Here, you can now begin to see the process of measuring and calibrating newer designs by using previous models – which eventually leads us to the measuring devices that we use today.
Demonstration – the Wheatstone Bridge
From the earlier slides
R4 = R2/R1 x R3
If R1 = R2, then R4 = R3
For R1 and R2 we use the 10 resistor chain
For R3 we use a 10 turn 10kW potentiometer
where the 10 turn dial indicates its resistance setting.
We connect an unknown resistor into the R4 position, switch on the power supply and then adjust the potentiometer until the meter indicates zero.
The potentiometer setting lets us work out R4
So far, we have been energising the bridge from dc supply, which is how the early engineers used this instrument, but will it work with an ac supply?
Why should we consider an ac supply anyway?
The answer to this question relates to the other passive components that we use, capacitors and inductors, since these components respond to ac, rather than dc, signals.
The most significant problem associated with a Wheatstone Bridge and ac supplies is the detecting device, where a dc galvanometer will not respond to ac signals.
There were meter movements available like the moving iron type which do respond to ac, but these tend to be insensitive devices.
These days it is quite easy to rectify an ac signal, so as to produce a dc signal that will activate a galvanometer, but remember that in the early days, before thermionic diodes and valves were invented, such rectification was not an easy task.
This is the galvanometer circuit that is used in the demonstration unit for dc indications.
The added resistor and diodes are present to prevent damage to the meter when the bridge is ‘way off’ balance.
The resistor limits the meter current and the silicon diodes conduct when the voltage applied to the inputs exceeds about 0.7V in either polarity.

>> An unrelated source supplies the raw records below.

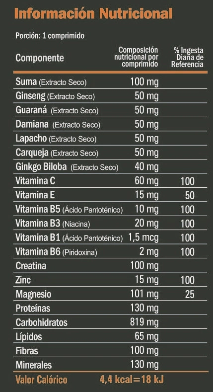Suplemento dietario a base de Suma,Ginseng, Guaraná, Damiana, Lapacho, Carqueja, Ginkgo Biloba, Vitamina C, Vitamina E, Acido Pantotenico, Niacina, Tiamina, Piridoxina, Monohidrato de Creatina, Zinc y Magnesio.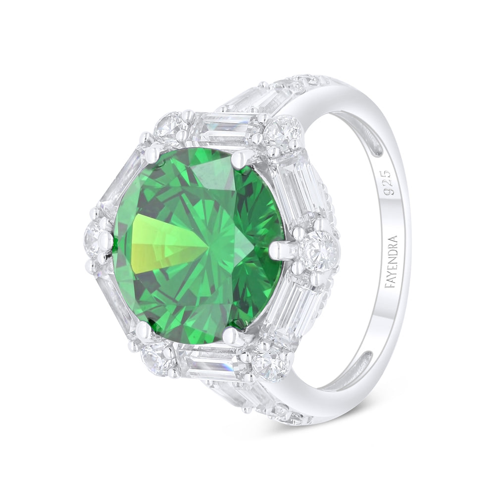 خاتم من الفضة الخالصة عيار 925 مطلي روديوم مرصع زركون زمردي و فص ابيض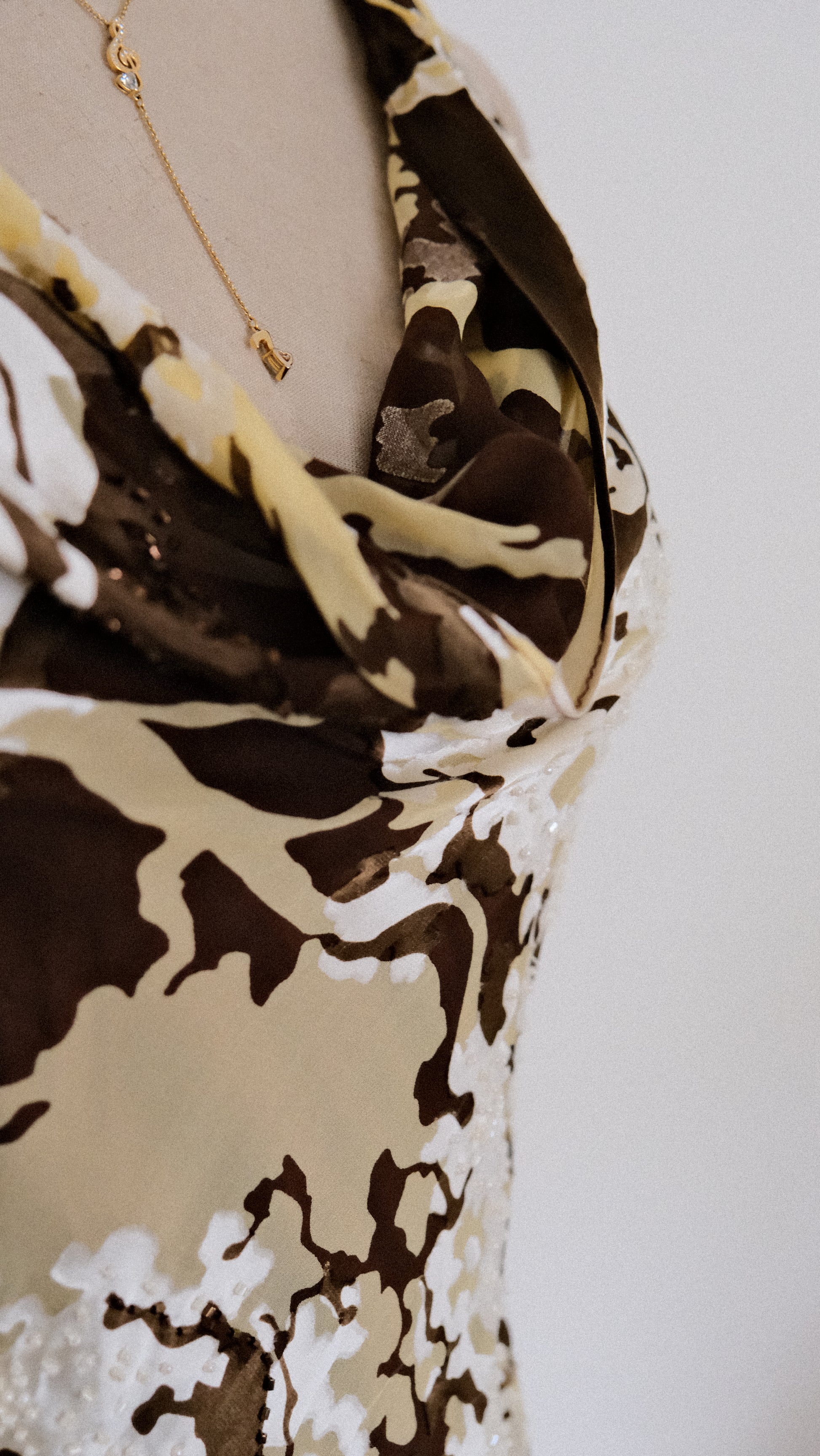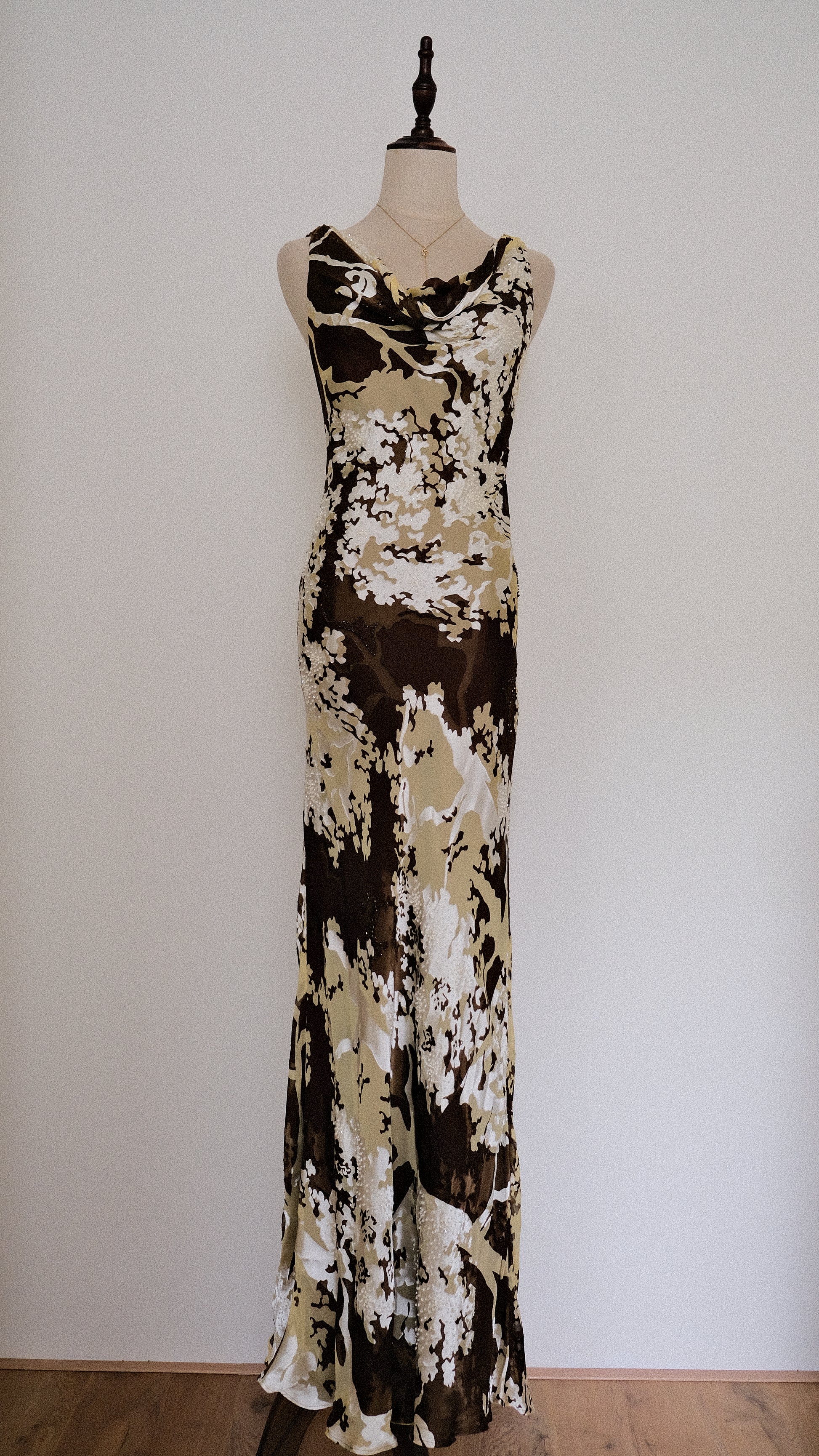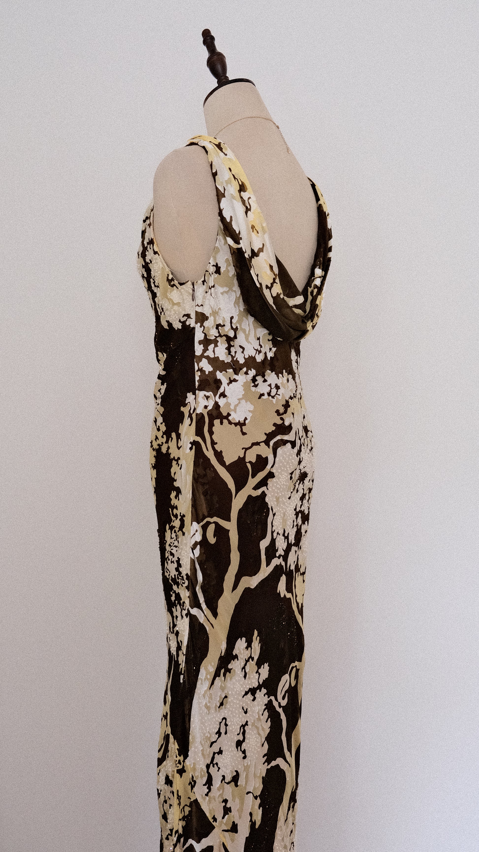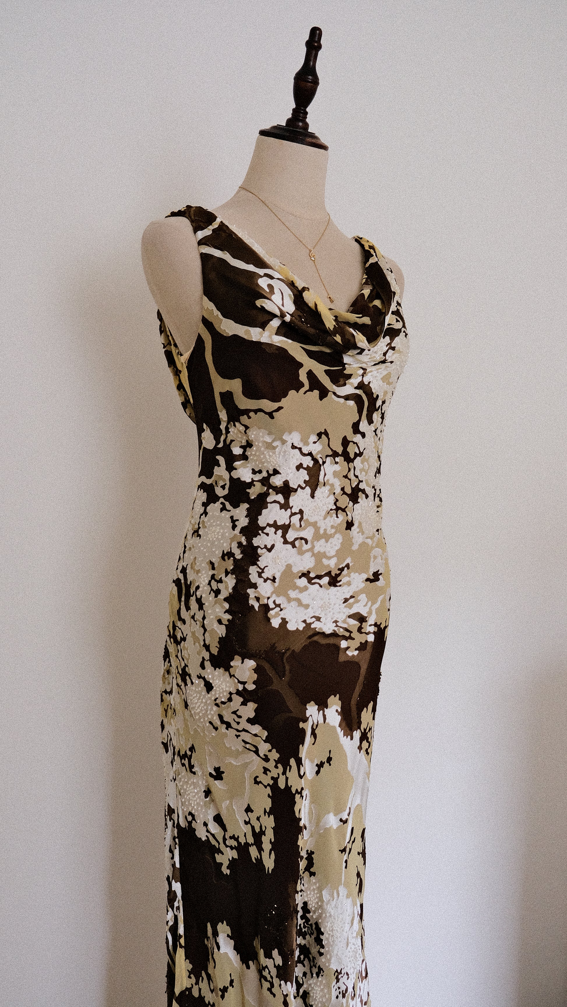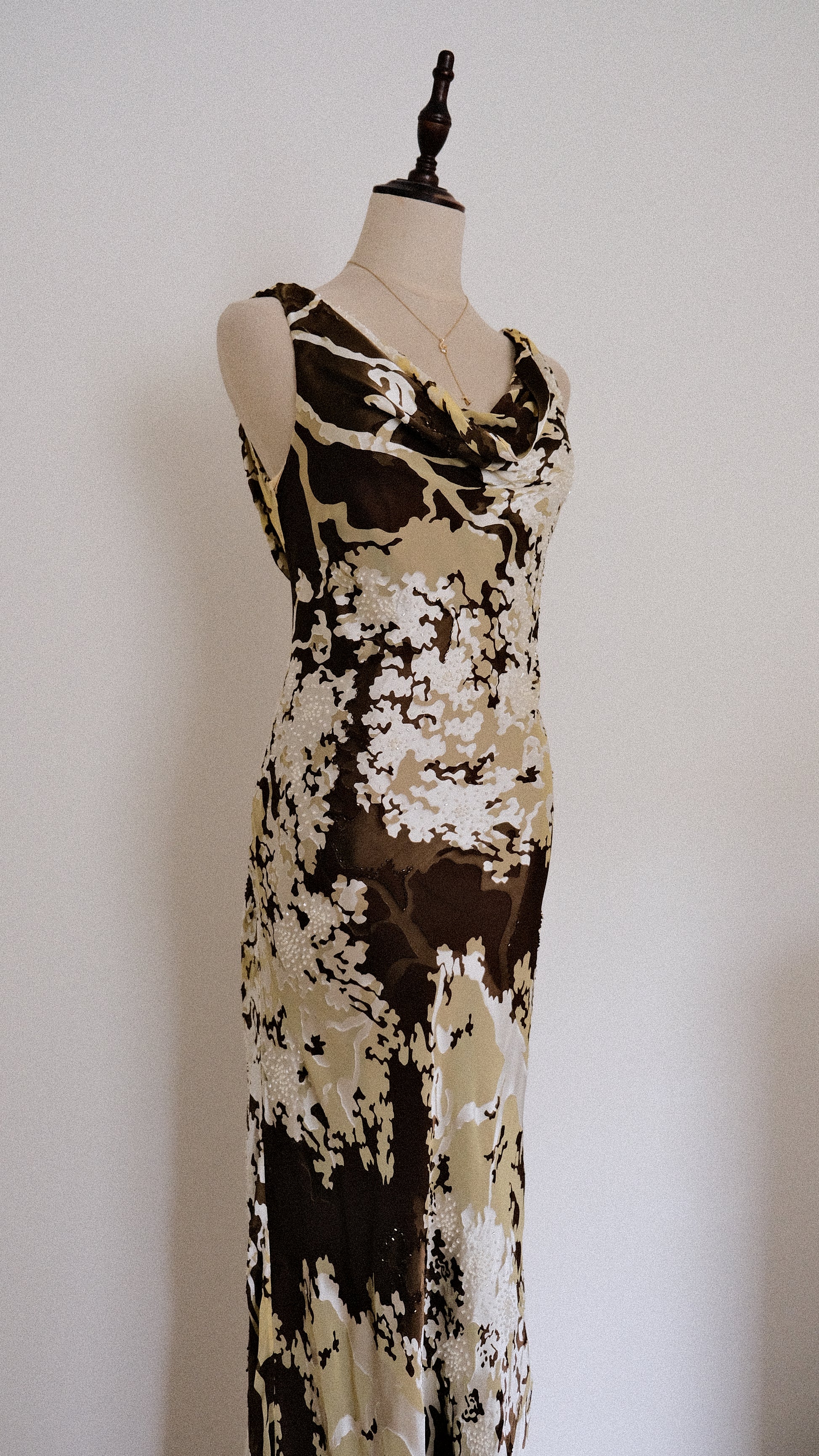 A beautiful fairycore forest symphony maxi dress with a draped material at the back for a flirty look.

When the bridge is in balance the voltage across the inputs is zero, so the diodes have no effect. The resistor reduces the meter’s sensitivity and so could be shorted out near balance to improve circuit sensitivity. Commercial Wheatstone bridges sometimes included such a switch.

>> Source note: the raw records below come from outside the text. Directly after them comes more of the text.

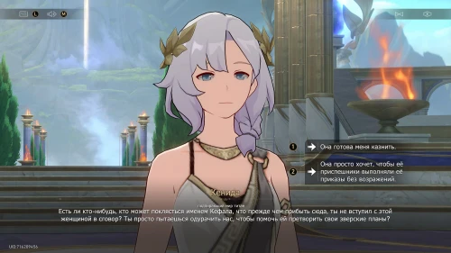 Согласитесь начать переговоры с ней. Она спросит, не вступил ли Анакса в сговор с Аглаей, прежде чем прийти сюда. Вы можете ответить:
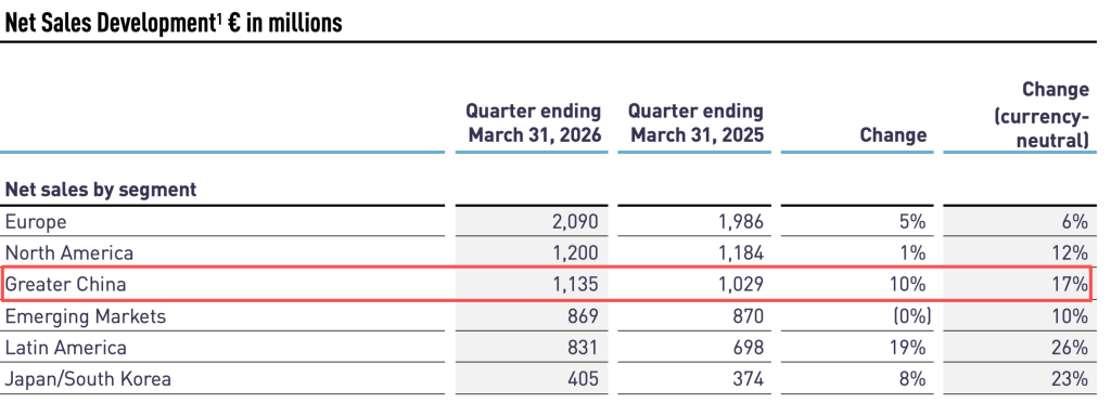 其他市场方面,新兴市场一季度营收增长10%。财报指出,中东部分国家因地区冲突导致销售额下滑。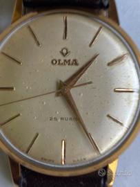 Bellissimo orologio olma meccanico swiss made 25 rubini .. perfettamente funzionante con cassa placcato iro 20 micron di 35 mm senza corona.. con segni del tempo ma niente di brutto..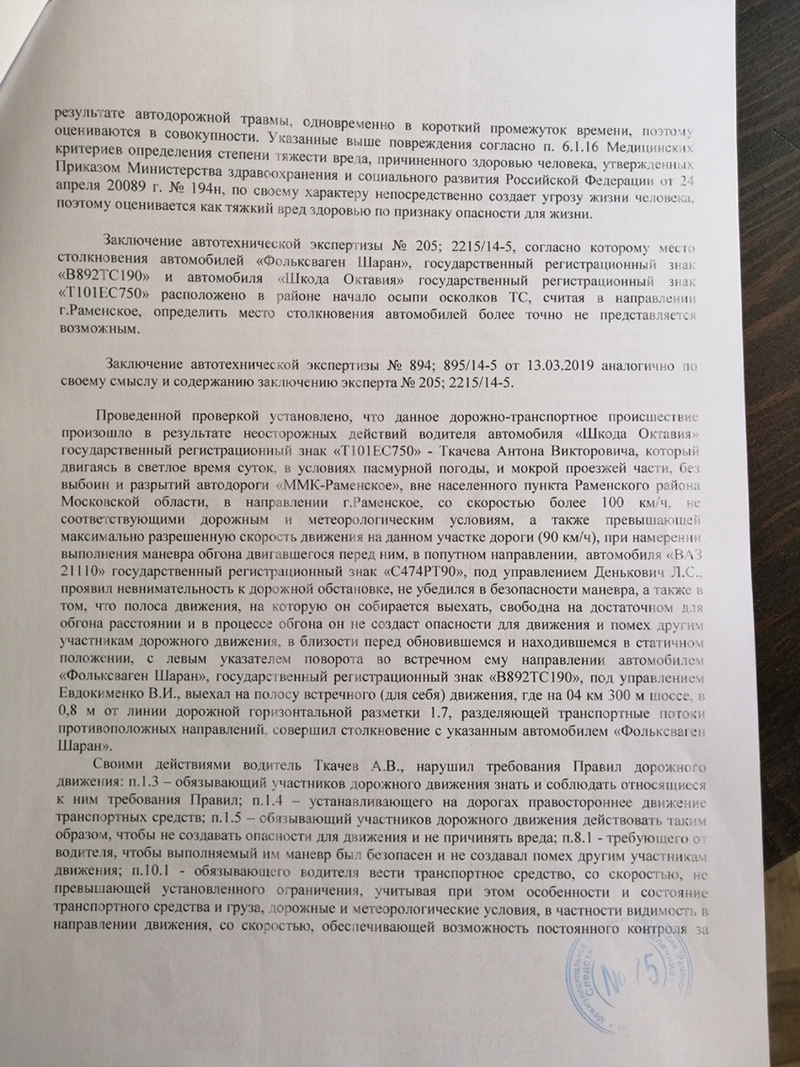 Так, автотехническую экспертизу для установления виновника ДТП назначили на 24 апреля 2018 года. На осмотр машин, по словам дочери пострадавшего, у которого, к слову, сил ни на какие тяжбы уже не осталось, никто не выезжал. Экспертизу провели по фотографиям. И только 23 июля 2018 года потерпевший получил постановление, где говорилось, что Ткачев А. В. нарушил ряд правил ПДД, что привело к ДТП.

This is the entire meter circuit of the demonstration unit.
The 4 added germanium diodes are switched into circuit when ‘ac’ is selected and convert the ac input signal to dc.
The forward voltage drop of these germanium diodes reduces the sensitivity of the meter, especially near zero input.
Bridge sensitivity, and thus the accuracy of the balance obtained, would be improved by either increasing the input signal to the bridge (which has the adverse effect of increasing dissipation in the bridge components) or by adding an ac amplifier between the bridge output and the meter circuit.
This is a schematic of a practical capacitor measuring bridge.
The ac signal source frequency is adjusted to suit the capacitor being measured (higher frequency for lower value capacitors).
The potentiometer is used for one complete arm of the bridge (rather than just one element of the bridge) and is calibrated accordingly. See the capacitor measurement box being passed around.
This talk has shown us some of the history of the Wheatstone Bridge and how its use has led up to the measuring devices that we use today.
Are there any questions or further explanations needed by anyone?
Now is the time for you to come up to the demonstration unit and to make some measurements yourselves.